Dates Wednesday 7 February 2018, 8:15 - 15:45
Venue ESRF Auditorium
Scientific Organisers

UOC Organisers:
Michela Brunelli, SNBL-CRG, ESRF, Grenoble, France

Alejandro Fernandez-Martinez, Institut des Sciences de la Terre, Université Grenoble-Alpes, Grenoble, France

ESRF Organiser:
Thomas Buslaps

Keynote Speakers

Prof.  Philip Withers, University of Manchester, UK

Dr. Christian Leinenbach, Swiss Federal Laboratories for Materials Science and Technology, Switzerland

Prof. Henning Friis Poulsen, Technical University of Denmark, Denmark

Administrative Assistant Anaïs Fernandes
Contact udm2-um18@esrf.fr

Preliminary programme available HERE

Aim & Scope

A number of new or newly refurbished beamlines at the ESRF now offer access to advanced techniques for structural investigations of modern engineered materials, such as those produced by additive manufacturing (3D printing), laser welding, shape forming etc . Their microstructure and component properties are inherently linked to the complex fabrication processes. Understanding this link in a deterministic way is of crucial importance and a challenge.

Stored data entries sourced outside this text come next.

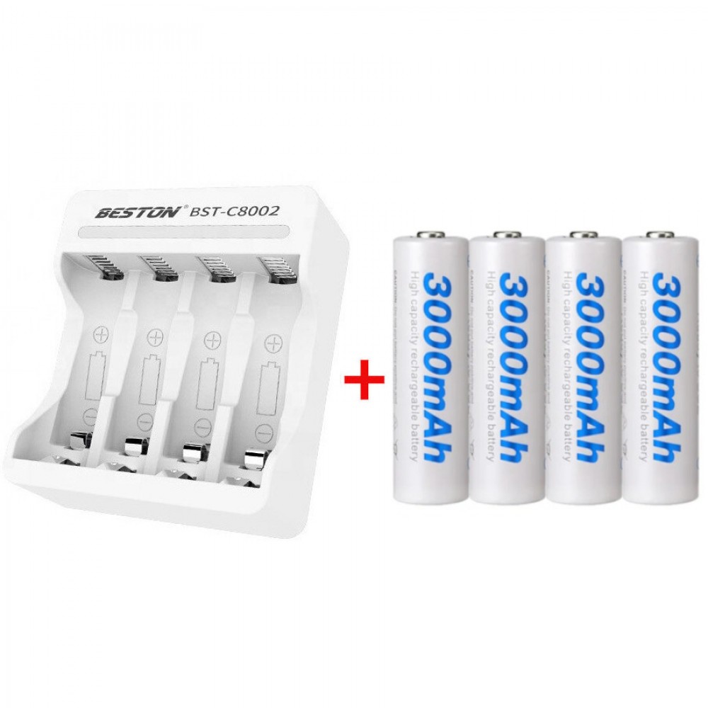 Зарядний пристрій та чотири акумулятори АА 3000мАч Beston C80024AA
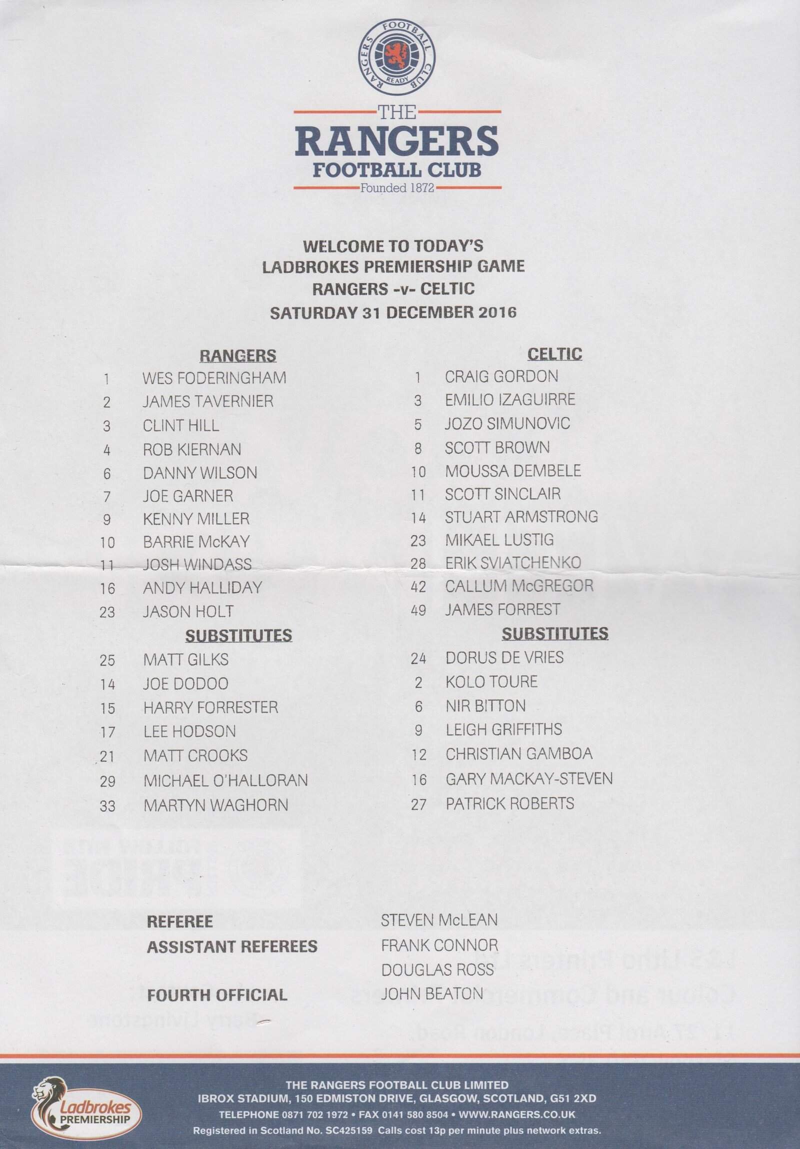 Glasgow Rangers v Glasgow Celtic 31-Dec-2016
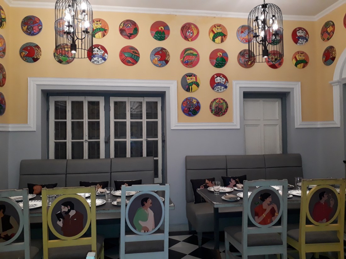 The decor is unique, the chairs and some walls of the old kolkata house are adorned with paintings of Bengali men and women. Some walls have nice terracotta paintings. The chandeliers also gave a different feel.
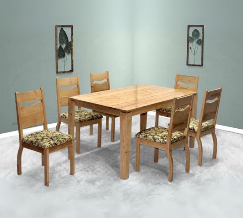 Classic 6-Seater Wooden Dining Set with Floral Upholstered Chairs
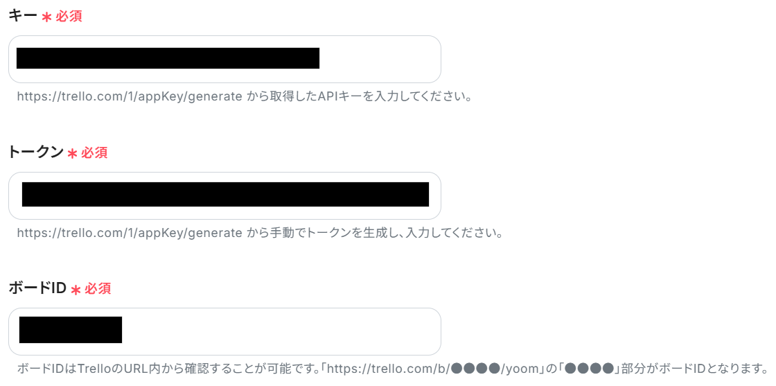 以下の画面が表示されたら、「キー」、「トークン」、「ボードID」を説明に従って設定してください。
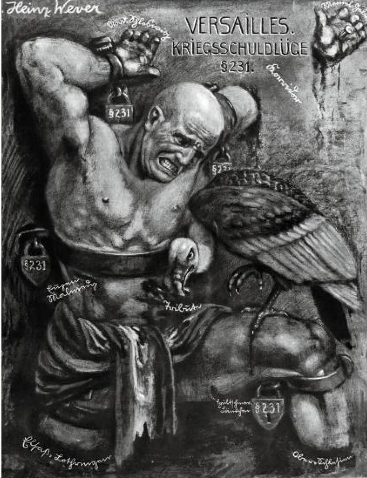 Une affiche allemande contre le traité de Versailles, réalisée par Heinz Wever en 1932. C'est l'année de la suspension définitive du paiement des réparations après le « moratoire Hoover », mais trop tard, puisque Hitler arrive au pouvoir en janvier 1933. L'Allemagne vaincue est présentée comme un Prométhée enchaîné, dans le style expressionniste de l'époque. C'est une victimisation et l'expression d'un ressentiment qui confine à la haine (livre, p. 179).

The unique combination of intense focused X-ray nano and micro-beams with the superb qualities of new high efficiency pixel detectors, and the hard X-ray penetration, flux-density and beam stability enable fast X-ray scattering experiments down to the millisecond regime, opening up new possibilities in X-ray 3D computed tomography and experiments in real service conditions.

This user dedicated symposium aims at attracting and stimulating exchange among ESRF users in the field of metallurgy and materials processing, and at offering them to discuss new research directions which can fully exploit the possibilities opened up by the powerful potential of X-ray diffraction imaging and scattering techniques. Examples of such techniques are high-energy X-ray scattering and tomography, dark-field hard X-ray microscopy, in operando X-ray diffraction and X-ray coherent diffraction imaging. The recent evolution of these experimental studies demonstrate the increasing importance of combining complementary experimental techniques.